NSE IFSC Limited is a recognized international stock exchange established in the International Financial Services Centre (“IFSC”), GIFT City Gujarat, India. IFSC is one of the permissible jurisdictions where Depository Receipts can be listed, vide circular no. SEBI/HO/MRD2/DCAP/CIR/P/2019/146 dated November 28, 2019 on Framework for issuance of Depository Receipts and IFSC Authority circular no F. No. 87/IFSCA/DRs/2020-21 dated October 28, 2020 on Depository Receipts in the IFSC.

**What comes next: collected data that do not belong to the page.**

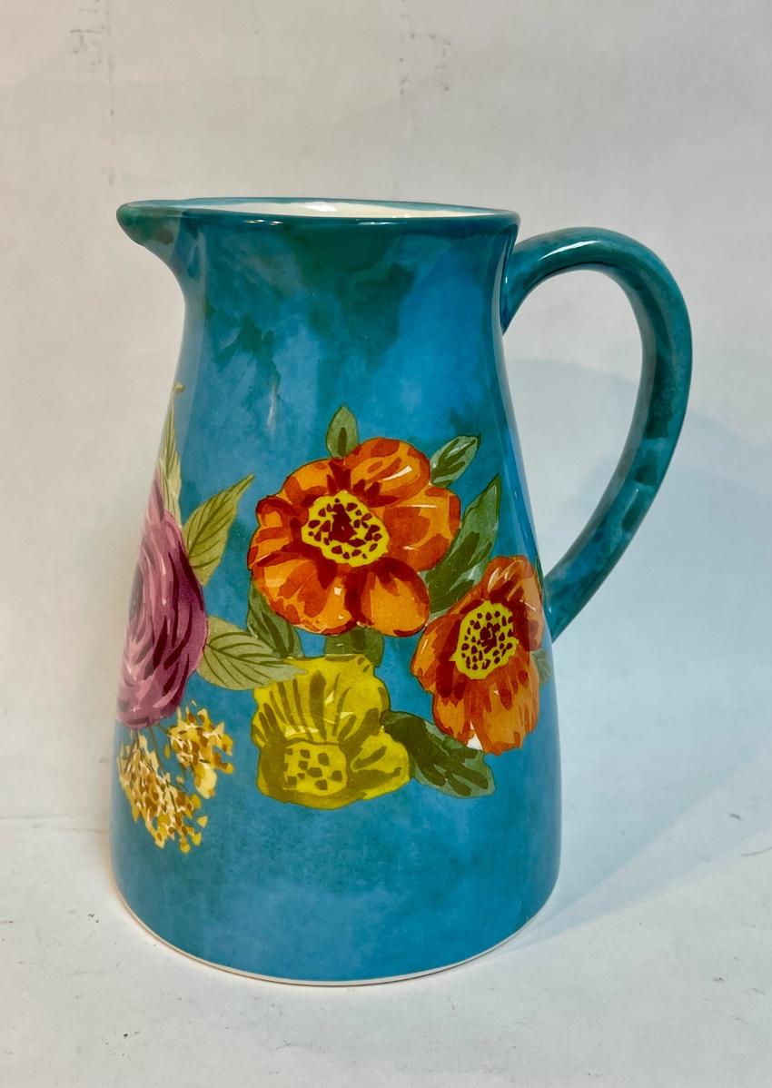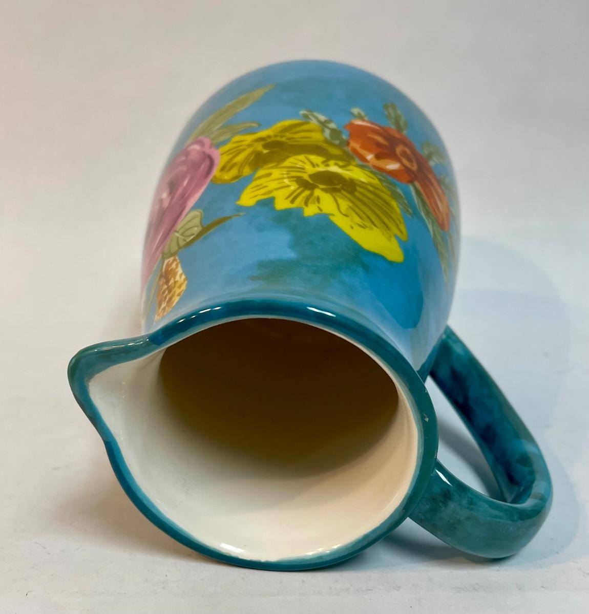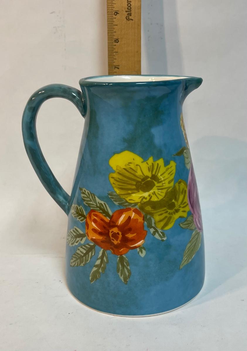 World Market Ceramic Pitcher Turquoise with Yellow and Orange Flowers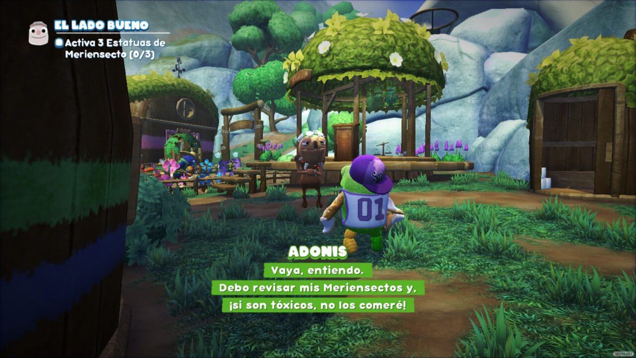 Al avanzar en la historia de Bugsnax e ir completando las peticiones de los Greluches, los convencerás para regresar a la aldea, mientras poco a poco vas avanzando en el misterio de la desaparición de Isaberta y su novia Cascabell. Si quieres conocerlos mejor, cada uno también tiene una serie de misiones secundarias, muy recomendables para profundizar mejor en estos personajes (aunque un tanto reiterativas en lo jugable).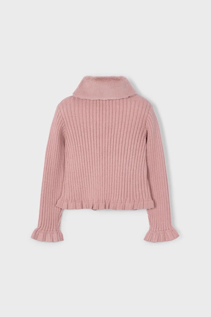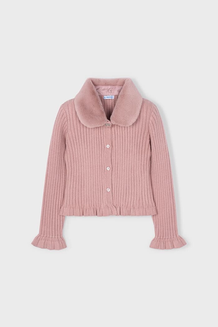 Zarafeti ve sıcaklığı bir araya getiren bu hırka, özel gün kombinlerinin en şık tamamlayıcısıdır. Vücuda oturan esnek fitilli triko kumaşı, konforlu bir kullanım sunarken, lüks ve yumuşacık suni kürk yakası tasarıma göz alıcı bir hava katıyor. Manşetlerindeki ve etek ucundaki minik fırfır detayları, hırkaya feminen ve sevimli bir dokunuş ekler. Elbiselerin ve şık bluzların üzerine giymek için ideal olan bu parça, soğuk havalarda hem sıcak tutacak hem de stili bir üst seviyeye taşıyacaktır.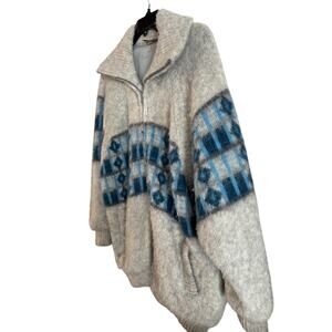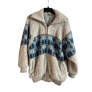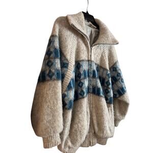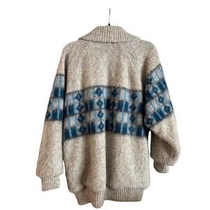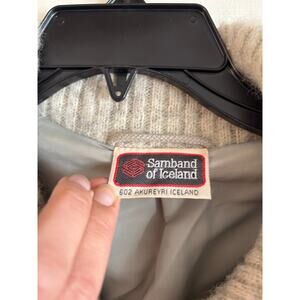 Samband of Iceland Womens Wool Fair Isle Sweater Cardigan M Gray Nordic Zip Up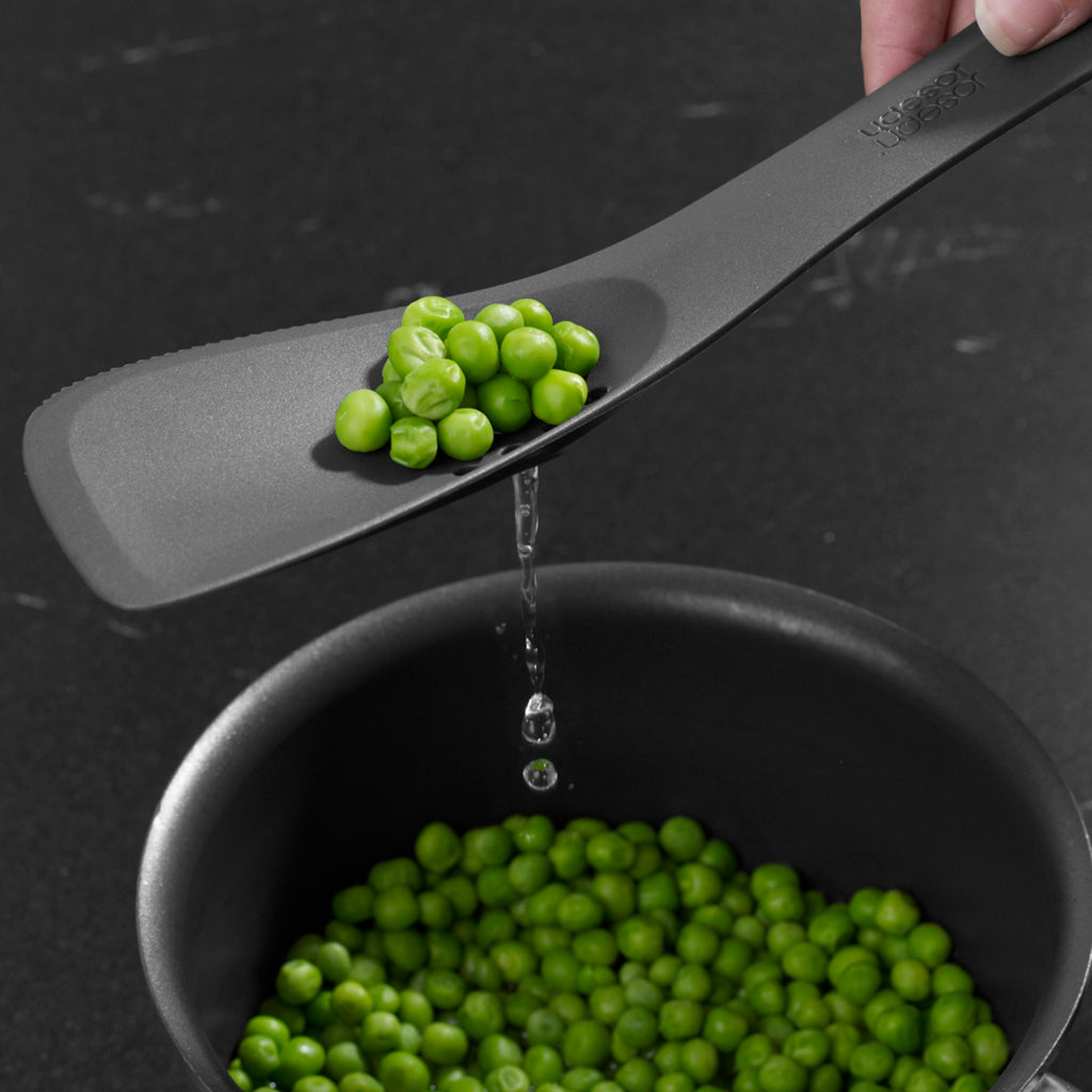 • Can be used as a spatula, slotted spoon, solid spoon, turner and cutting tool.

The said listing will provide a secondary platform (other than NYSE Inc.) to overseas investors for trading in Dr. Reddy’s ADRs. This is a secondary listing of ADRs that are currently issued by J.P. Morgan Chase Bank N.A. under its ADR Deposit agreement with Dr. Reddy’s, and no further capital raising or issuance of new securities is involved.

The clearing and settlement of ADRs will be done by NSE IFSC Clearing Corporation Limited through depository account maintained with Clearstream using Internal (Clearstream to Clearstream), Bridge (Clearstream-Euroclear) and Clearstream Domestic links to American market for settlement with Depository Trust Company (DTC) US settlement systems.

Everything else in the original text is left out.